##### EXTRACTED DATA #####

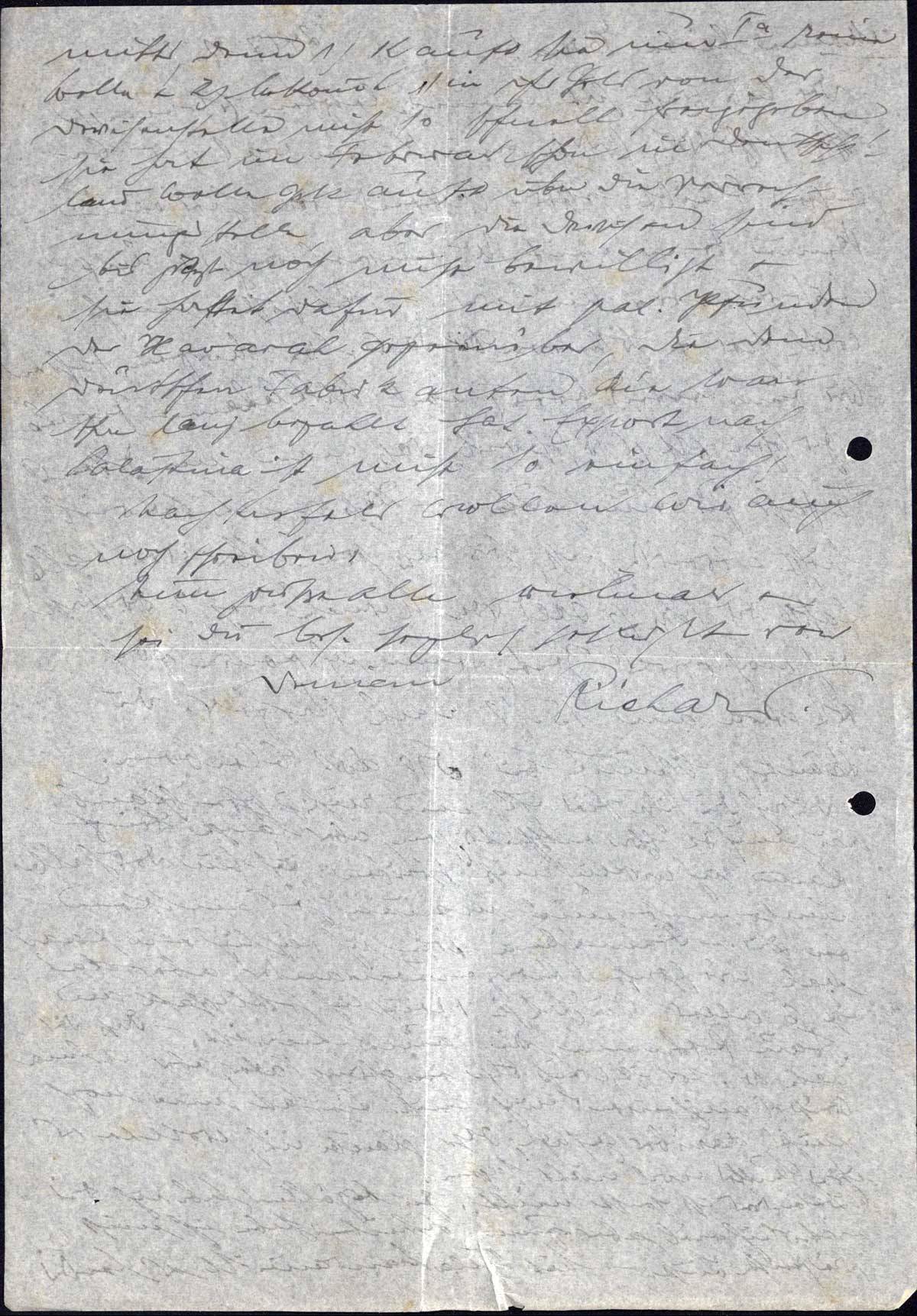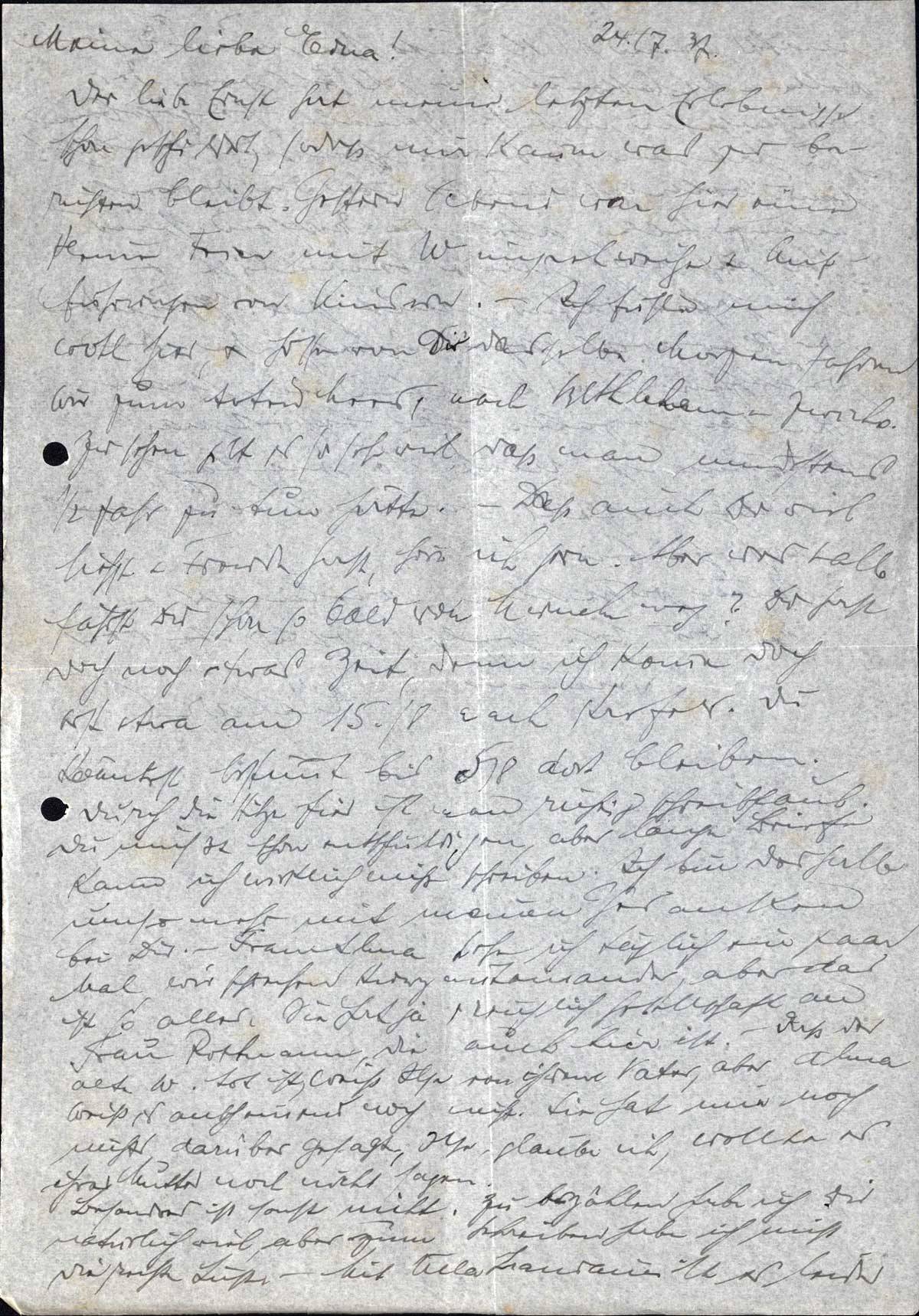 Durch die Hitze hier ist man richtig schreibfaul. Du mußt schon entschuldigen, aber lange Briefe kann ich wirklich nicht schreiben. Ich bin deshalb umso mehr mit meinen Gedanken bei Dir. - [..] sehe ich täglich ein paar Mal, wir sprechen [..] miteinander, aber das ist so alles. Sie hat ja reichlich Gesellschaft an Frau Rothmann, die auch hier ist. - Daß der alte W. tot ist, weiß Ilse von ihrem Vater, aber Alma weiß es anscheinend noch nicht. Sie hat mir noch nichts darüber gesagt. Ilse, glaube ich, wollte es ihrer Mutter noch nicht sagen.
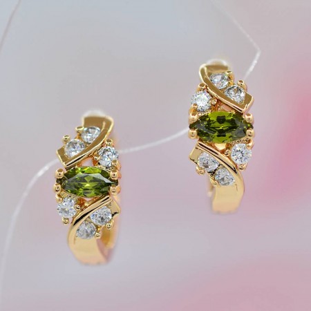 Серьги с белыми и зеленым фианитами
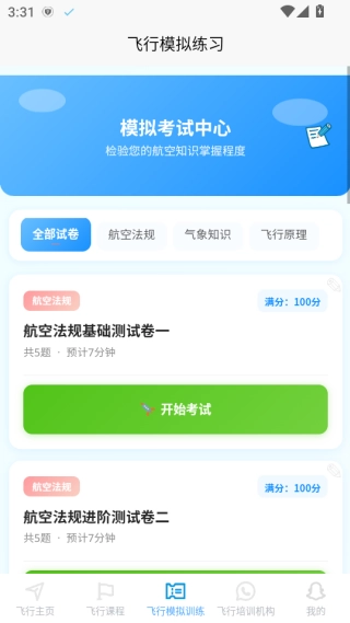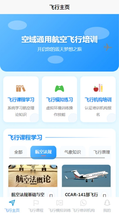 1、首页整合了系统化的飞行课程体系,同时配备了专项训练和模拟操作功能。
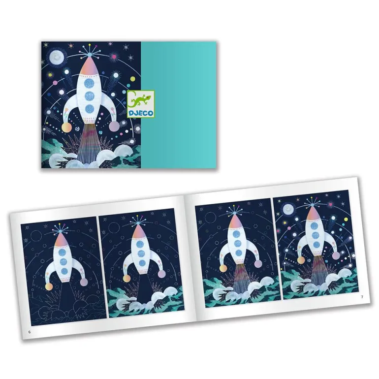 Elige una lámina y descubre la ilustración rascando la superficie con un varilla de madera. Déjate sorprender por los detalles iridiscentes, ¡fácil y divertido!
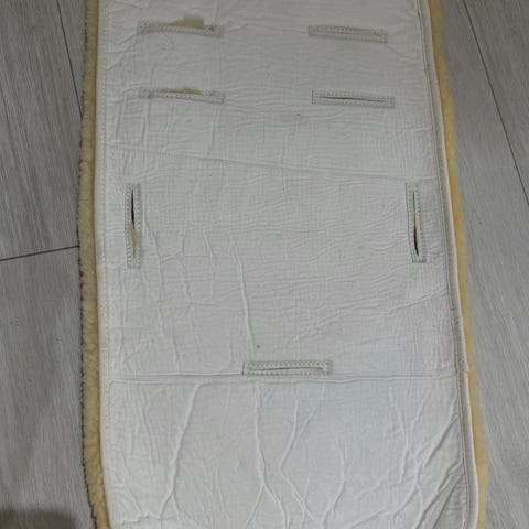 Deilig underlag til å ha i vogna i ekte lammeskinn i fargen beige. Veldig lite brukt.

#####

YOUR GOAL
Without including any pictures, return every line of the records exactly.

OUTPUT FOR THIS EXERCISE
 Durch die Hitze hier ist man richtig schreibfaul. Du mußt schon entschuldigen, aber lange Briefe kann ich wirklich nicht schreiben. Ich bin deshalb umso mehr mit meinen Gedanken bei Dir. - [..] sehe ich täglich ein paar Mal, wir sprechen [..] miteinander, aber das ist so alles. Sie hat ja reichlich Gesellschaft an Frau Rothmann, die auch hier ist. - Daß der alte W. tot ist, weiß Ilse von ihrem Vater, aber Alma weiß es anscheinend noch nicht. Sie hat mir noch nichts darüber gesagt. Ilse, glaube ich, wollte es ihrer Mutter noch nicht sagen.
 Серьги с белыми и зеленым фианитами
 1、首页整合了系统化的飞行课程体系,同时配备了专项训练和模拟操作功能。
 Elige una lámina y descubre la ilustración rascando la superficie con un varilla de madera. Déjate sorprender por los detalles iridiscentes, ¡fácil y divertido!
 Deilig underlag til å ha i vogna i ekte lammeskinn i fargen beige. Veldig lite brukt.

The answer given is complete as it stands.